Listed Building – Grade II
- Official name: Tottington Hall
- Designated: 5 October 1982
- Reference no.: 1163648

= Tottington Hall =

Municipal building in Tottington, Greater Manchester, England

Tottington Hall, also known as Tottington Town Hall, is a municipal building in Market Street, Tottington, a town in Greater Manchester in England. The building, which served as the offices and meeting place of Tottington Urban District Council and now operates as a public library, is a grade II listed building.

==History==
The original building on the site was a private house, commissioned for a branch of the Notogh family, later known as the Nuttall family, which dated back to around 1504. After Thomas Nuttall died without descendants in 1727, his executors did much to expand and consolidate the estate. The house was subsequently occupied by the Wood family who were proprietors of a local tannery. In 1770, the house was acquired by John Gorton who, through the development of local mills and bleachworks, made a major contribution to the development of the town in the early 19th century.

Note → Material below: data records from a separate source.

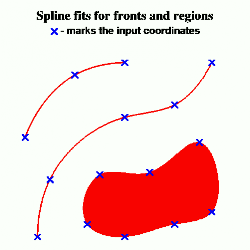 The coordinate values are used as control points for a spline curve fit. The curve passes through the given coordinates. If the front has little curvature, then only a few points need to be specified to get a nice smooth curve. See Figure 2 in Appendix A for an illustration.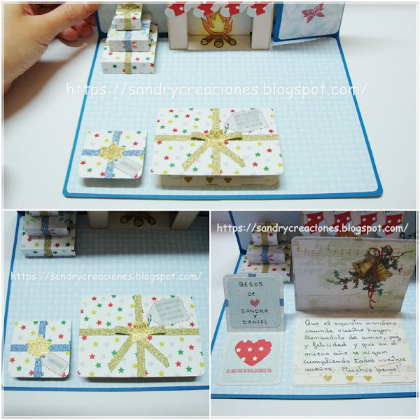 En este punto ya teníamos casi todo el interior de la tarjeta realizado, pero decimos casi porque nos faltaba poner algún mensaje más. La primera idea era escribirlo directamente en la parte del suelo de la postal pero no nos acababa de gustar así que en sintonía con la postal pensamos porque no poner algún elemento desplegable más? y nos decidimos por dos paquetes de regalos más, pero esta vez planos, realizados también con papel de scrapbooking de "Anita y su mundo", que se abrieran tipo libro o postal pequeñita. Por la parte interior los decoramos con otro tipo de papel de scrapbooking de "Toga" para embellecerlos y también con algún que otro detalle más hecho con sellos y tinta para poner unos lindos mensajes.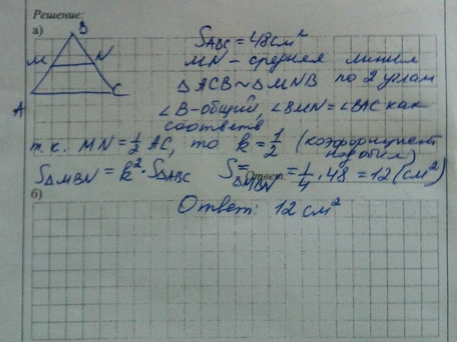 У трикутнику, площа якого дорівнює 48 см2, проведено середню лінію. Знайдіть площу трикутника, який утворився.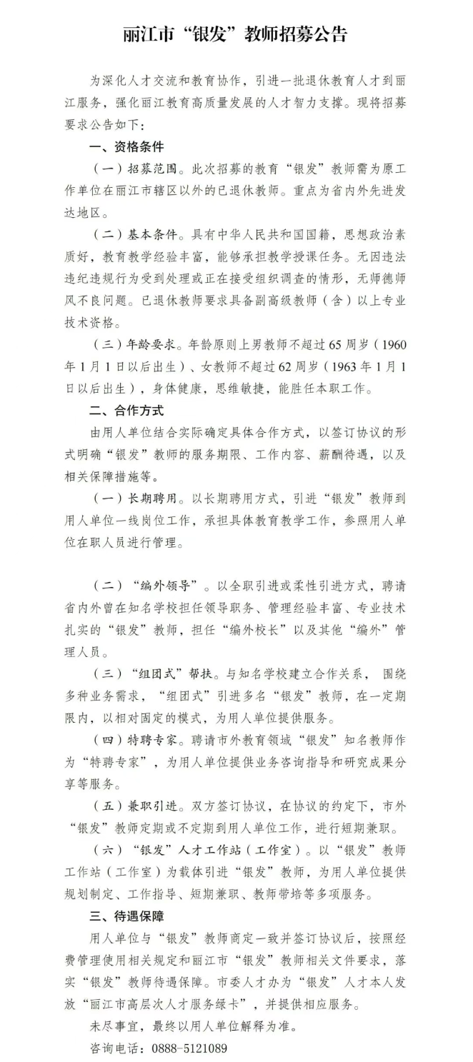 麗江市“銀發(fā)”教師招募公告 為充分發(fā)揮退休教師資源優(yōu)勢,促進教育優(yōu)質均衡發(fā)展,麗江市教育局現(xiàn)面向社會公開招募“銀發(fā)”教師。具體事項公告如下: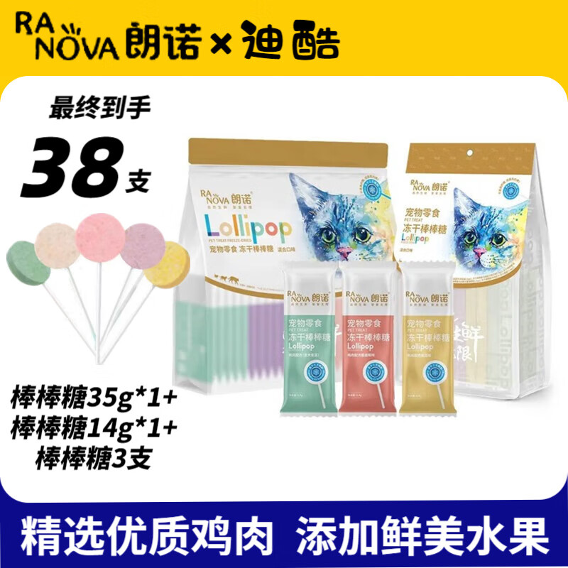 朗诺棒棒糖冻干猫零食生骨肉鸡肉猫咪零食冻干 混合口味组合装【38支】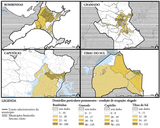 Os dados sobre a distribuição espacial e predominância dos mercados de aluguel de longa duração e de curta duração foram obtidos através do Censo Demográfico Brasileiro de 2010 realizado pelo IBGE. O primeiro mercado de aluguel levantado corresponde aos “domicílios particulares permanentes – condição de ocupação: alugados”, na classificação oficial do Instituto. O segundo, refere-se ao mercado de aluguel de curta duração representado pelos “domicílios particulares permanentes não ocupados - uso ocasional”, também na classificação oficial do IBGE. Na definição do Instituto entende-se essa última classificação como “domicílio particular permanente que, na data de referência, servia ocasionalmente de moradia. Ou seja, são aqueles usados para descanso de fins de semana, férias ou outro fim, mesmo que, na data de referência, seus ocupantes ocasionais estivessem presentes” (IBGE, 2010a, p. 210).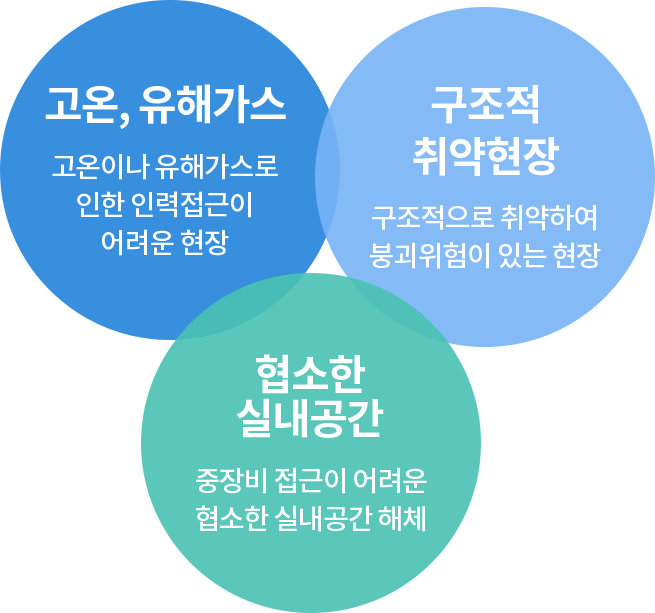 어떠한 작업환경에서도 안전하게 해체 작업이 가능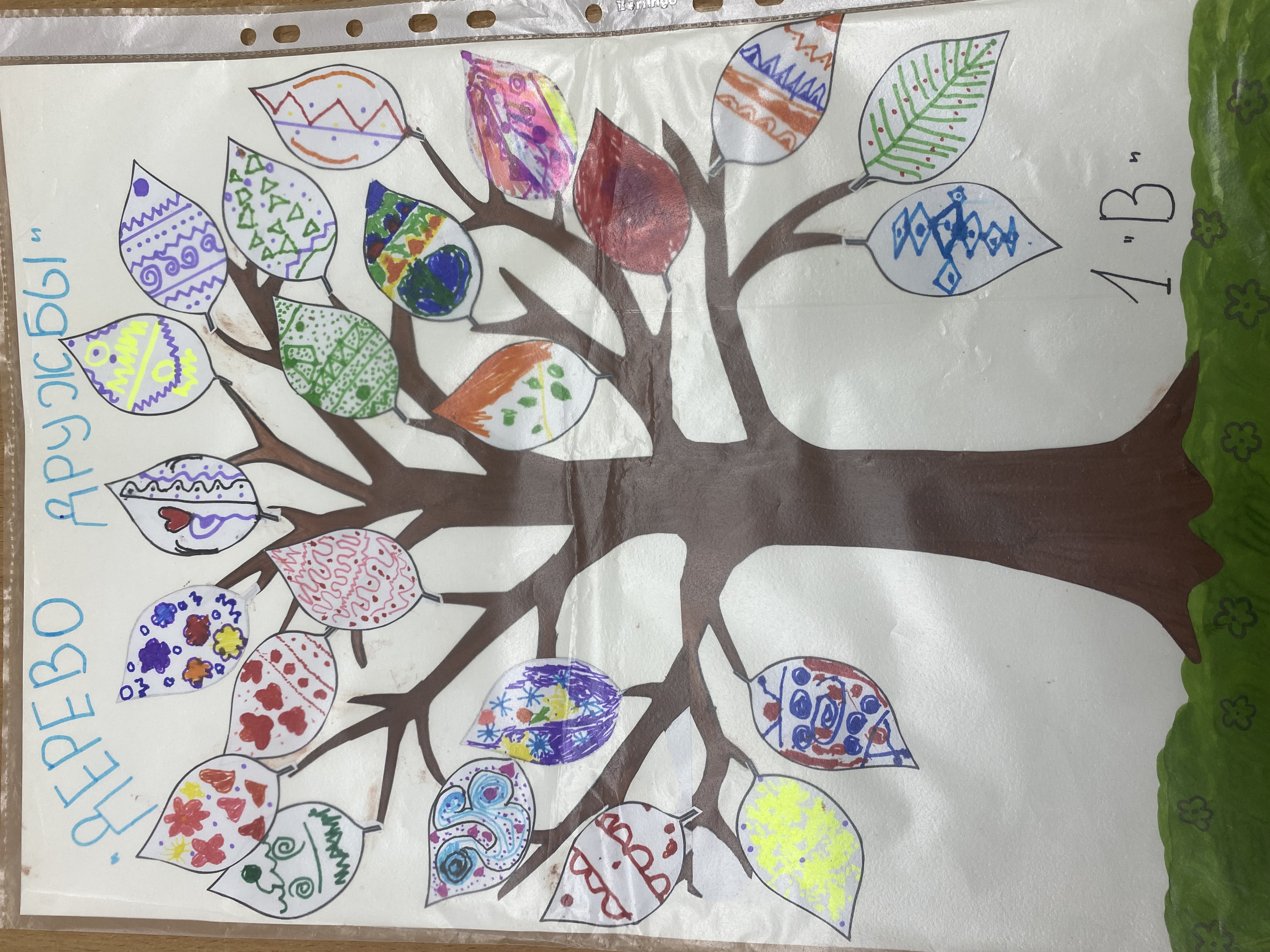 Размер работы: лист А2. Техника выполнения: коллективная аппликация из цветной бумаги с элементами рисования. Пояснения: работа выполнена учащимися 1 «В» класса. В центре изображено дерево — символ Прикамья. Каждый листочек изготовлен руками детей и символизирует дружбу, единство и многообразие народов Пермского края. На листьях ребята сами нарисовали национальные узоры, что подчёркивает красоту и уникальность культурных традиций края. В «Дереве дружбы» отражена идея того, что, несмотря на различия, все мы — части одного большого дерева жизни, объединённые корнями родного края.Данные участника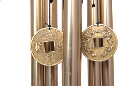 Bellissimo carillon di vento, 100% fatto a mano, pronto per appendere, "Barre di bronzo ed antichi iscrizioni cinesi" (1008A IT)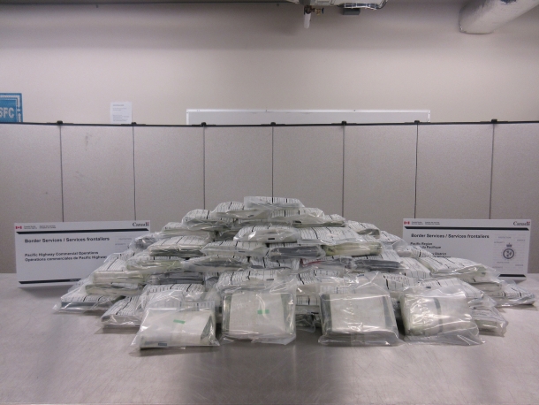 Dans l’Ouest du pays, en Colombie-Britannique, l’Agence des services frontaliers du Canada (ASFC) a annoncé aujourd’hui qu’elle a procédé à la saisie de 107,5 kg de cocaïne présumée à la frontière de Pacific Highway.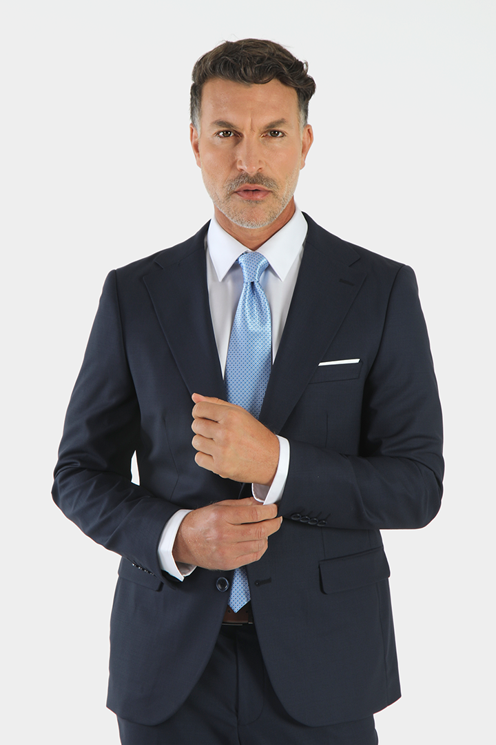 For those who prefer a classic color with a contemporary edge, this navy twill suit offers a sophisticated and polished appearance. The slim fit and two-button, two-vent design ensure you look sharp from all angles. Crafted from a blend of 86% wool, 10% polyester, and 4% lycra, the fabric allows for both comfort and a smart, tailored look. Paired with the matching vest, this suit is ideal for any formal occasion, exuding confidence and elegance.

The house then passed to Thomas Gorton, who had it refurbished and re-modelled, in around 1820. A whole new wing was erected on the front of the house facing east towards a newly laid lawn. The new wing was designed in the neoclassical style and was built in ashlar stone. The house was bought by two schoolmasters, James Hainsworth and George Hudson in 1863, and then by the Roberts family in the late 19th century.

In 1918, the house was purchased by Tottington Urban District Council for £2,750, for use as its town hall. A war memorial, designed by Walter Marsden in the form of a Portland stone wall with a simple cross in the centre, which was intended to commemorate the lives of local service personnel who had died in the First World War, was unveiled to the south of the town hall in April 1930.

The town hall continued to serve as the headquarters of the borough council for much of the 20th century, but ceased to be the local seat of government when for the enlarged Bury Borough Council which was formed in 1974. The council subsequently opened a library on the ground floor of the building, while the upper floor was disused. The council announced the closure of the library in 2017, but it was taken over by a voluntary group, which added a tea room, and made two conference rooms upstairs available for hire.

In July 2022, the Town Park Meadow, to the east of the town hall, was renamed Private Peachment VC Town Meadow Park in memory of Private George Peachment of the King's Royal Rifle Corps, who was posthumously awarded the Victoria Cross for his bravery at the Battle of Loos on 25 September 1915. A mural illustrating his life was unveiled at the same time.

==Architecture==
The two-storey building has been grade II listed since 1982. It is five bays wide, with sash windows and a central door with half columns and a cornice hood. It is built of stone, and has a slate roof. Behind the front wing are the older parts of the complex which include the stables.